Dataset content:
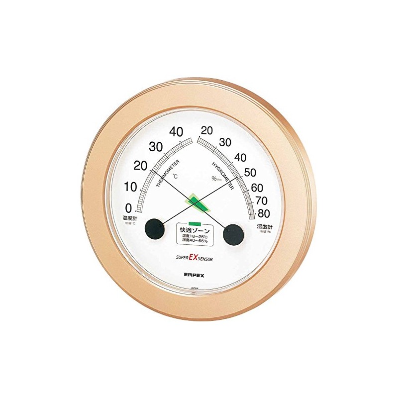 enpekkusu Weather Meter, Temperature and Humidity Meter, Super EX High Quality Hygrometer Wall Made in Japan Champagne Gold Ex – 2738
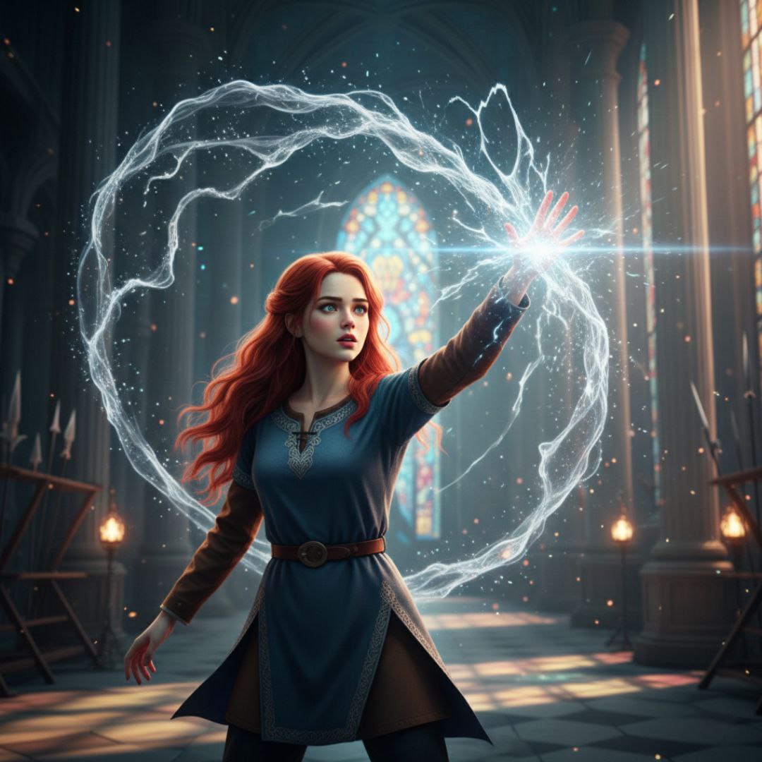 В эпицентре этого магического хаоса стояла девушка с растрёпанными алыми волосами и искрящимися глазами. На её лице читалась смесь удивления и плохо скрываемого восторга. Её пальцы слегка подрагивали, а вокруг ладоней вились тонкие нити света, словно живые змейки.
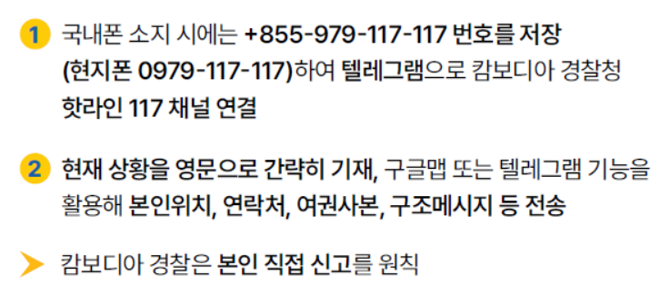 - 현지 문화와 법규를 존중하고 비상연락망을 확보하십시오. 현지 체류 시에는 항상 대사관 비상연락처와 가족 또는 지인의 연락처를 소지하고, 주기적으로 자신의 위치와 안부를 공유하는 것이 중요합니다.

Problem statement:
Reproduce the data above exactly, leaving out any picture in it.

Response to this task:
 enpekkusu Weather Meter, Temperature and Humidity Meter, Super EX High Quality Hygrometer Wall Made in Japan Champagne Gold Ex – 2738
 В эпицентре этого магического хаоса стояла девушка с растрёпанными алыми волосами и искрящимися глазами. На её лице читалась смесь удивления и плохо скрываемого восторга. Её пальцы слегка подрагивали, а вокруг ладоней вились тонкие нити света, словно живые змейки.
 - 현지 문화와 법규를 존중하고 비상연락망을 확보하십시오. 현지 체류 시에는 항상 대사관 비상연락처와 가족 또는 지인의 연락처를 소지하고, 주기적으로 자신의 위치와 안부를 공유하는 것이 중요합니다.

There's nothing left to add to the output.